** Opening Data section block **

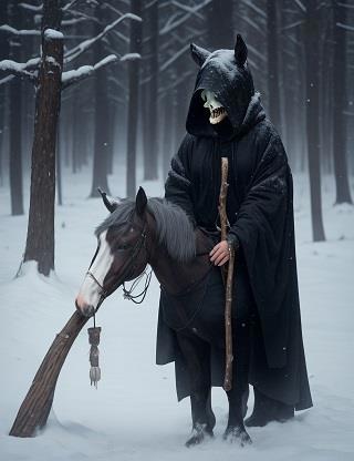 Если что, я пытался убедить сеть нарисовать лошадиный череп НА голове или ВМЕСТО головы.
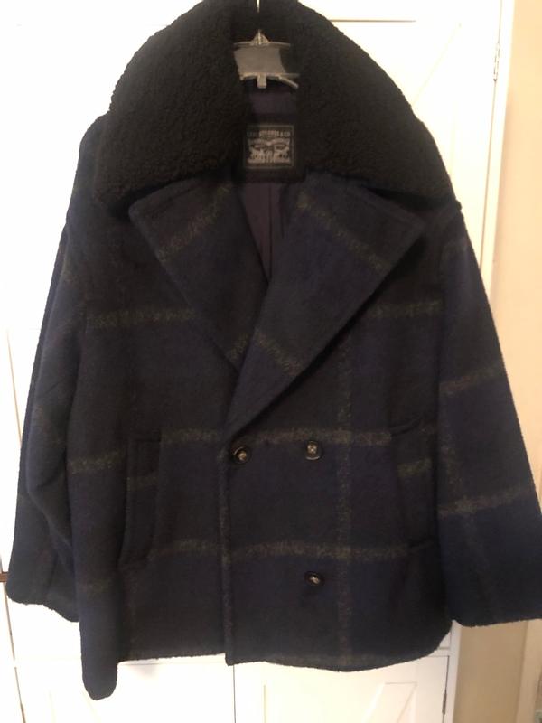 The leviâs peacoat is absolutely beautiful, itâs very well made, I love the sherpa collar because itâs so soft, makes it warm and cozy. Looks super elegant but modern at the same time, the fit is oversized but for me living in Chicago where is cold itâs perfect because I can wear bulky clothes beneath it perfectly. The dark blue color gives it an elegant look so you can dress up in it or wear it with jeans for a more casual look. I definitely recommend it to anyone who likes something warm and cozy but elegant at the same time!
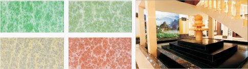 [華美藝術隔斷] : 通過將建筑、尾礦等余料回收,通過自主發明的全新第五代水性環氧互穿技術制造而成的無污染、可私人定制的仿石產品。產品實現了綠色循環、資源再生,可代替陶瓷、天然大理石、玻璃、木材等相關建筑裝飾、裝修材料。
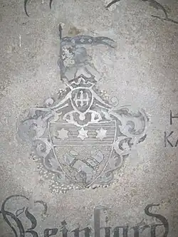 In einem goldenen Feld zwei ins Kreuz gelegte, mit den Füßen nach unten und einwärts, mit den umgebogenen Schenkeln nach oben und einwärts gekehrte Beinschienen[5] natürlicher Farbe unter einem blauen Schildhaupt, in dem drei goldene Sterne nebeneinander zu sehen sind. Auf dem gekrönten Helm ein nach rechts und vorwärtsgekehrter geharnischter Mann, der in der rechten Hand ein zweispitziges blaues mit drei goldenen Sternen belegtes Fähnlein hält und den linken Arm in die Seite stützt. Die Helmdecken sind rechts gold und blau, links gold und schwarz.[6]
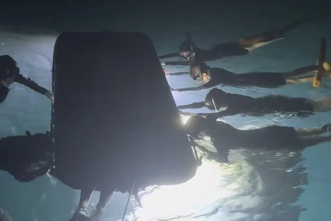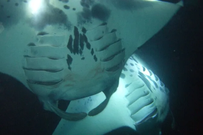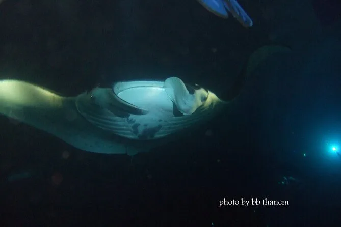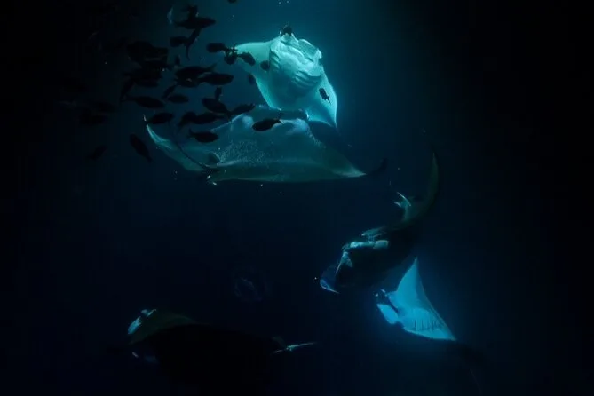 Once we were out past the lights of Kona, our guide handed out snorkel gear and Rx masks for those who needed them (I did, and honestly, being able to see clearly made all the difference). We slid into the water one by one — that first shock of coolness hits you right through the wetsuit — then grabbed onto this floating bar attached to a big raft. The LED lights below started glowing, drawing in swirls of plankton. It’s weird: you’re just lying there, face down, holding on while these ghostly shapes start circling underneath. When the first manta ray swooped up from below, its wings nearly brushing my fins, I think my heart actually stopped for a second.
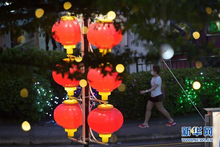 1月18日,慶祝農(nóng)歷新年的燈飾在新加坡紅山組屋區(qū)亮起。 新華社發(fā) (鄧智煒 攝)

** Closing Data section block **

▸ Task to carry out
Transcribe exactly the line containing "Once we were" and every line after it through the end of the listing above; pictures are not part of the copy.

▸ Answer section
 Once we were out past the lights of Kona, our guide handed out snorkel gear and Rx masks for those who needed them (I did, and honestly, being able to see clearly made all the difference). We slid into the water one by one — that first shock of coolness hits you right through the wetsuit — then grabbed onto this floating bar attached to a big raft. The LED lights below started glowing, drawing in swirls of plankton. It’s weird: you’re just lying there, face down, holding on while these ghostly shapes start circling underneath. When the first manta ray swooped up from below, its wings nearly brushing my fins, I think my heart actually stopped for a second.
 1月18日,慶祝農(nóng)歷新年的燈飾在新加坡紅山組屋區(qū)亮起。 新華社發(fā) (鄧智煒 攝)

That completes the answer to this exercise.